Peace Corps Panelists Share Their Stories

Could Peace Corps be the right fit for you?


by Lauren Dunn ('23)

PC Prep Panel Article Image

SUMMARY: Four returned Peace Corps volunteers participated in a panel at JMU on Wednesday, February 22nd, to speak to students on behalf of their service experiences and how their lives have changed because of their participation abroad.

To carry out the Peace Corps mission of promoting world peace and friendship, the organization's primary goals include helping people of interested countries in meeting their needs for trained individuals and promoting mutual understanding and global cooperation on behalf of the United States. There have currently been more than 240,000 total volunteers to date that served sectors such as Agriculture, Youth in Development, Education, Environment, Health, and Community Economic Development.
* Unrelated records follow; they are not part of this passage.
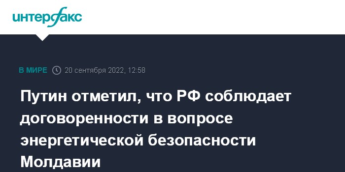 Москва. 20 сентября. INTERFAX.RU - Россия действует в строгом соответствии с двусторонними договорённостями в вопросах энергетической безопасности Молдавии, заявил президент РФ Владимир Путин.
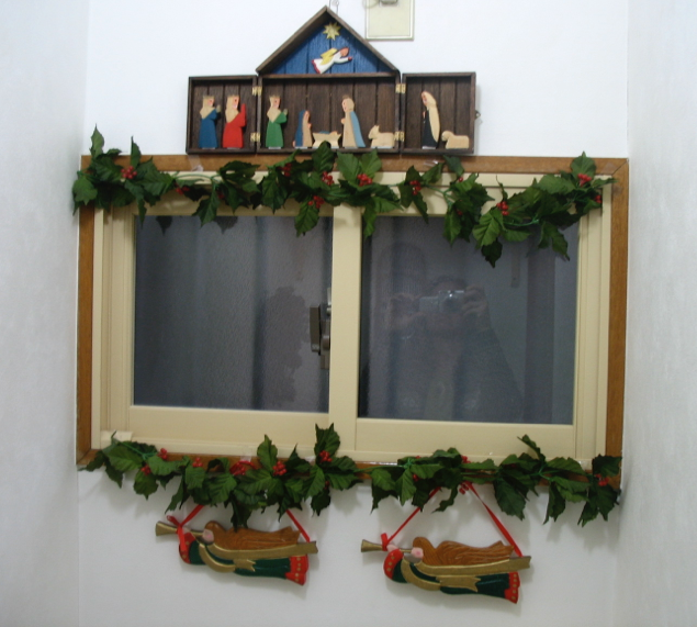 Windows are good places to decorate, especially in small rooms where the window has no view, or has frosted glass. Add a swag of holly or pine to the top or bottom, or both. This nativity set did come with a hook, and works well as a wall hanging. The two angels add interest below the window as well. Just because you don't have these particular items doesn't mean you can't use the idea--look around for items that you like and want to showcase. Keep experimenting until you find a look you like.
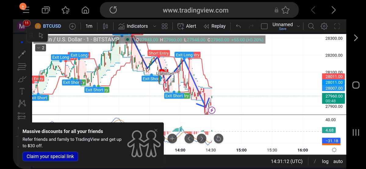 دوستان بیتکوین الگوی دره سرانه کاهشی رو تشکیل داده که امکان ریزش داره و تا ۲۷۳۰۰ بره
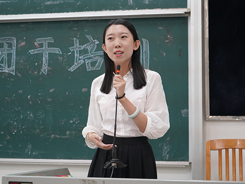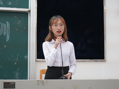 在主持人简单的开场白后,大会正式开始。首先是张文萃的讲话,她由自身经历出发,告诉我们要在大学生活中拓宽自己未来的可能性,选择做一个指引者、领导者。大家都从简短而又蕴藏深厚的讲话中感悟到了许多。

During the presentation, four panelists shared their stories about volunteering in other countries, the challenges they faced, and the impact that Peace Corps has had on their lives.

Soua Pha was the first panelist to share about her time serving in the Fiji Islands for Youth Development. There, she spent three days a week teaching sexual reproductive health at a local high school and the other two days contributing to her community. She explained that her biggest challenges overseas that she had to overcome were learning the culture, customs, and learning to acknowledge bias and assumptions. Pha is now working at D.C headquarters as a Peace Corps recruiter helping individuals get started with the process.
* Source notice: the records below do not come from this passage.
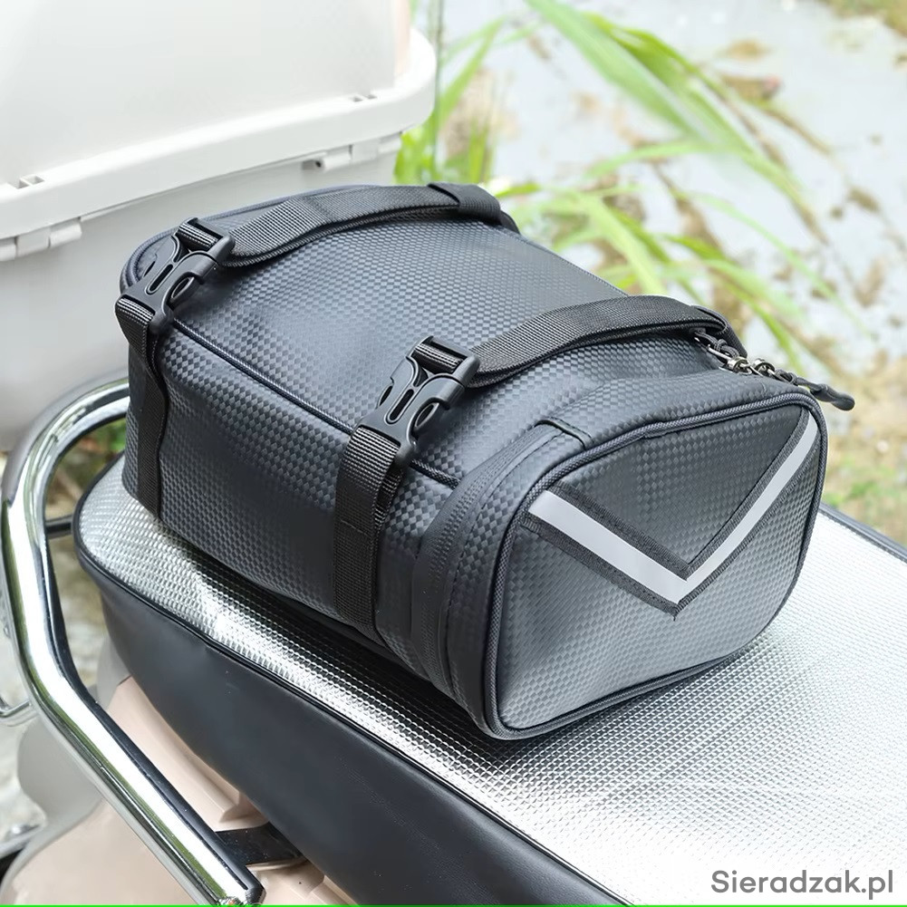 Przedmiotem oferty jest torba z silnym odblaskiem na bagażnik motocyklowy, rowerowy, na skuter lub rower elektryczny.
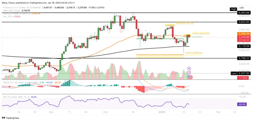 Der Ethereum Kurs wurde am Golden Ratio Niveau bei rund 3.450 USD bärisch abgewiesen
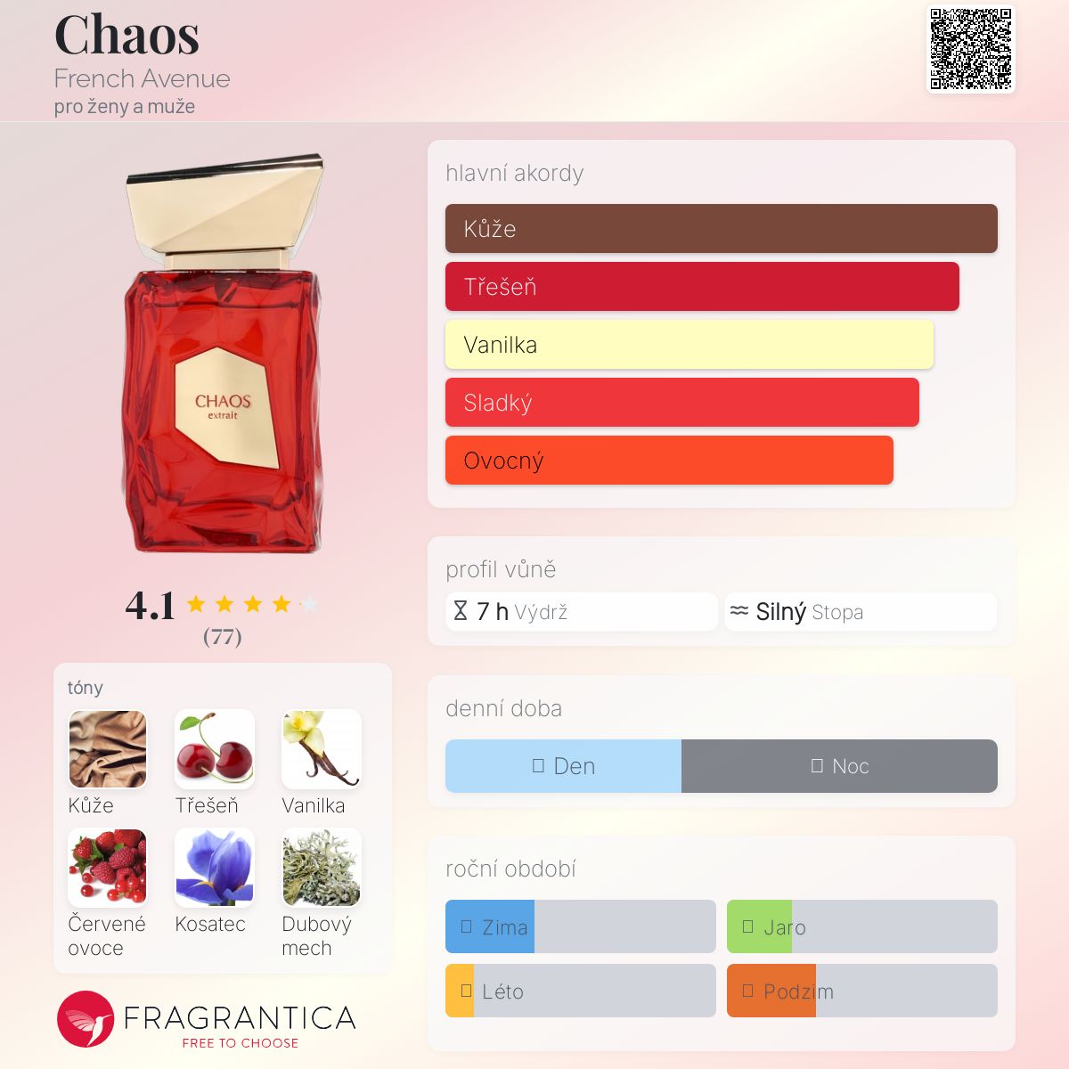 Chaos podle French Avenue je Leather vůně pro ženy a muže. Toto je nová vůně. Chaos byl/a uveden/a v roce 2025. Vrchní tóny jsou Třešeň a Červené ovoce; střední tón jeKosatec ; základní tóny jsou Kůže, Vanilka a Mech.
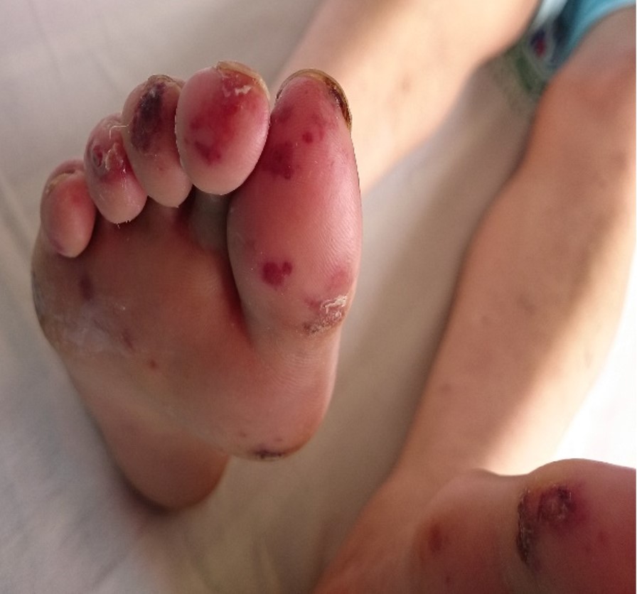 Al examen físico: PA: 90/60, FC: 88 min, FR: 20, SAT O2: 90%, T: 38ºC, se aprecia en piel: lesiones necrotizantes puntiformes coalescentes, algunas ulceradas, lesiones purpúricas palpables y otras no palpables, costrosas, localizadas en extremidades y lesiones vesiculares localizados en manos y pies (Figura 1 y 2). Presenta eritema malar y en el dorso de la nariz presenta lesión ulcerativa de aproximadamente 1 cm rodeada de halo eritematoso, con lesiones costrosas dentro de fosas nasales. Conjuntivas pálidas, mucosas orales semihúmedas, no presenta rigidez nucal, se palpa adenopatías móviles, no dolorosas, de aproximadamente 1 cm, cervicales, axilares, trocleares, inguinales y en fosa supraclavicular izquierda. Tórax: simétrico, expansibilidad y frémito conservado, corazón rítmico, hipofonético, no se ausculta soplos, murmullo vesicular disminuido en bases, sin ruidos sobreañadidos. Abdomen: suave, depresible, doloroso a la palpación profunda en epigastrio e hipocondrio derecho, Murphy negativo, ruidos hidroaereos aumentados. Extremidades superiores: simétricas, se observan lesiones costrosas necrotizantes en dedos de las manos, previamente descritas, asimismo en las extremidades inferiores se observan las lesiones costrosas necrotizantes acompañadas de lesiones vesiculares en dedos de los pies, no dolorosas a la digito-presión, pulsos distales presentes, tono, fuerza y sensibilidad conservada. Neurológicamente consciente, orientada en las tres esferas, no existen signos de focalidad neurológica, ni signos de irritación meníngea.

PC Panel SpeakersThe next panelist that spoke was Kayuyum Koban who served in the Republic of Moldova from 2015-2018. Her original assignment area was Community & Organizational Development but took on the “Diamond Challenge” for a secondary project that allowed her to stay a third year. Koban shared her experience volunteering in the village, working in the mayor’s office, and learning a completely new language and the interchanging of cultures. With the help of a grant, she was able to help build volleyball and basketball courts where many of the children spent time playing sports. When asked about the challenges of Peace Corps opposed to studying abroad, Koban explained to the students that the organization prepares you very well before you get to your assigned country. “You first are in the country with your Peace Corp group and you have a mentor. For the first 8-10 weeks you are with your first host family where each day is four hours of language courses and culture classes, so you are not just thrown in.” Although she had thought of going home within the first few months of being in the Republic of Moldova, she advised students to stick it out because it will get easier.

The third panelist to share his story was Travis Hellstrom. From 2008-2011, Hellstrom served in Mongolia in the Public Health sector. During his time there, he worked as a health volunteer, summer camp leader, and taught English and health in the schools. While overseas serving, he told the students that he even met his wife there! Additionally, Hellstrom offered extremely wise advice to the audience. “Deciding whether I was going to volunteer in the Peace Corps was one of the biggest and hardest decisions I’ve made. It is a decision that takes a lot of thinking and should not be rushed. However, do not let others make decisions for you. Who do you want to be and what do you want to do?”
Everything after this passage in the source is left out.